> [PROBLEM TO WORK ON] Repeat the data in full. Drop every picture.

> [RAW DATA]

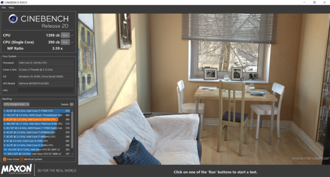 在最新版本的CineBench R20中,多線程成績達到了1399cb,單線程也達到了390cb,處理器性能非常出色。
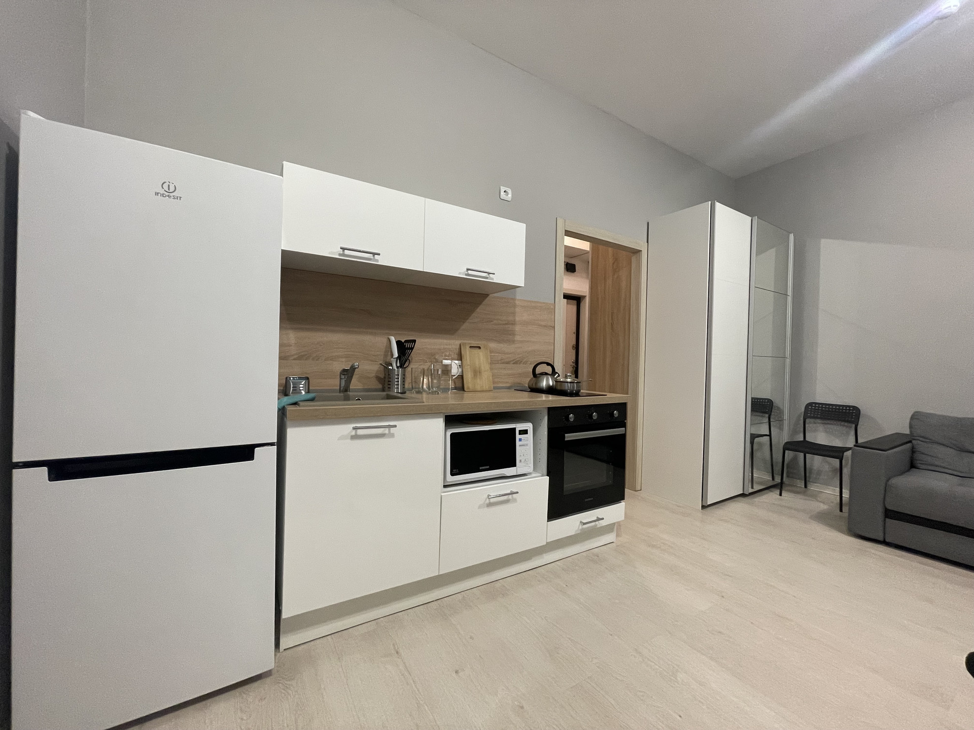 Современная студия в хорoшем дoме с  удобным расположением, у дома трамвайная остановка, рядом так же имеется автобусная остановка, до Театр-театра пешком 10 минут, укомплeктовaна полностью мeбелью, бытовoй тexникoй (cтиральная машинa, тeлeвизоp, xолoдильник, микpoволновaя печь, духовой шкаф, варочная поверхность) и посудой. У дома магазины Пятерочка, Чижик, Магнит, Магнит-Косметик, аптеки, Красное-Белое и другие магазины. Cдаетcя на длитeльный срок ответственным и платежеспособным не курящим людям без детей и животных.
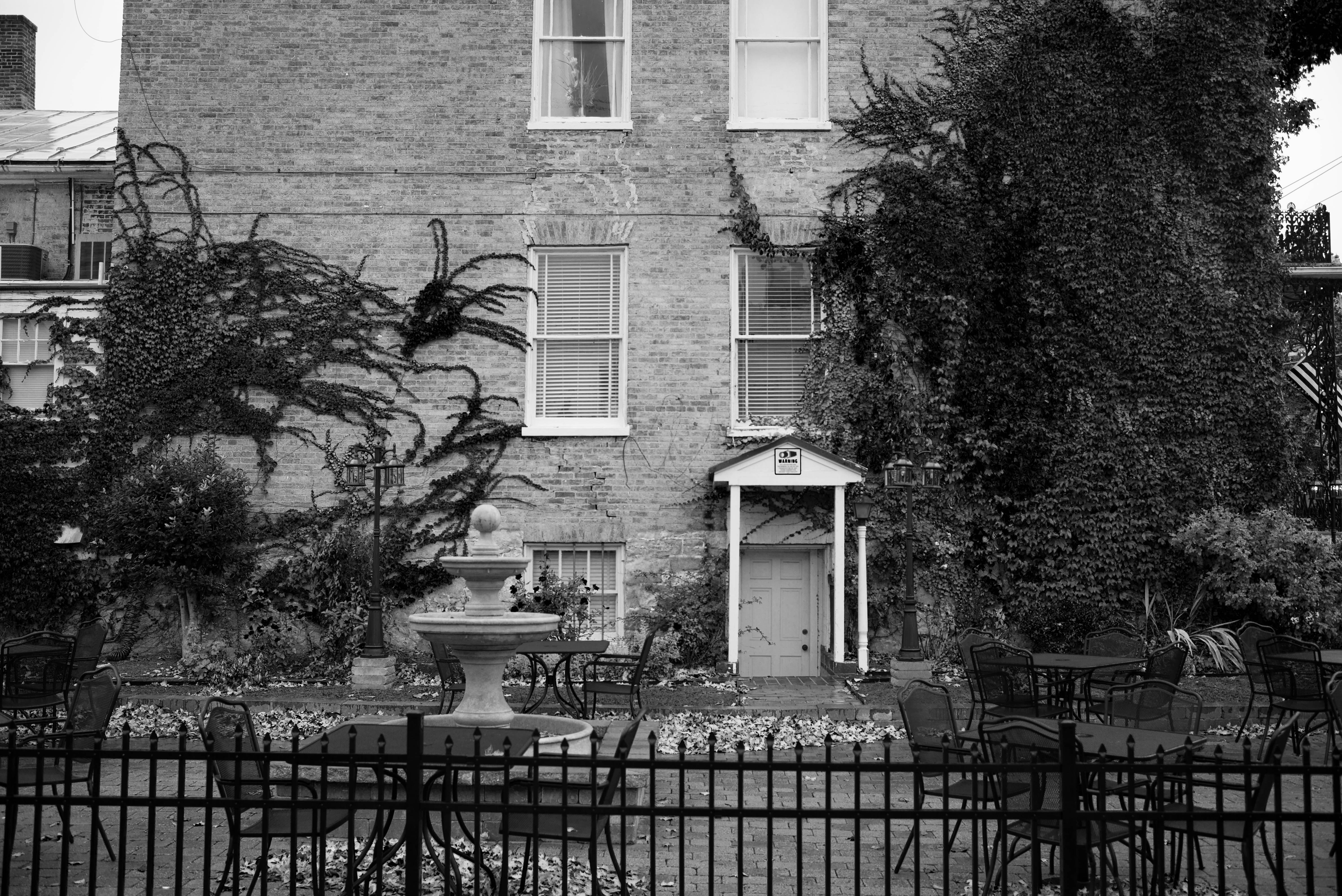 A charming courtyard unfolds before a historic brick building, its walls entwined with dark, leafy vines that echo years gone by. The subdued lighting casts a muted atmosphere, enhancing the tranquil mood, while scattered leaves hint at the passage of seasons. Black wrought iron tables invite quiet reflection, framed by the soft embrace of nature's reclamation.
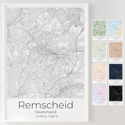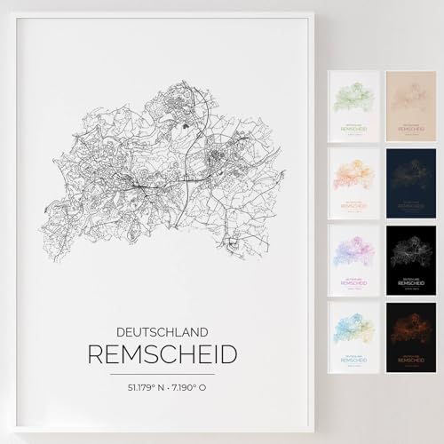 Mapdify Remscheid personalisiertes Stadtposter, dein Lieblingsort als Wandposter, Karte deiner Stadt, personalisiertes Andenken an Remscheid – Stil: Pure

> [TASK RESPONSE]
 在最新版本的CineBench R20中,多線程成績達到了1399cb,單線程也達到了390cb,處理器性能非常出色。
 Современная студия в хорoшем дoме с  удобным расположением, у дома трамвайная остановка, рядом так же имеется автобусная остановка, до Театр-театра пешком 10 минут, укомплeктовaна полностью мeбелью, бытовoй тexникoй (cтиральная машинa, тeлeвизоp, xолoдильник, микpoволновaя печь, духовой шкаф, варочная поверхность) и посудой. У дома магазины Пятерочка, Чижик, Магнит, Магнит-Косметик, аптеки, Красное-Белое и другие магазины. Cдаетcя на длитeльный срок ответственным и платежеспособным не курящим людям без детей и животных.
 A charming courtyard unfolds before a historic brick building, its walls entwined with dark, leafy vines that echo years gone by. The subdued lighting casts a muted atmosphere, enhancing the tranquil mood, while scattered leaves hint at the passage of seasons. Black wrought iron tables invite quiet reflection, framed by the soft embrace of nature's reclamation.
 Mapdify Remscheid personalisiertes Stadtposter, dein Lieblingsort als Wandposter, Karte deiner Stadt, personalisiertes Andenken an Remscheid – Stil: Pure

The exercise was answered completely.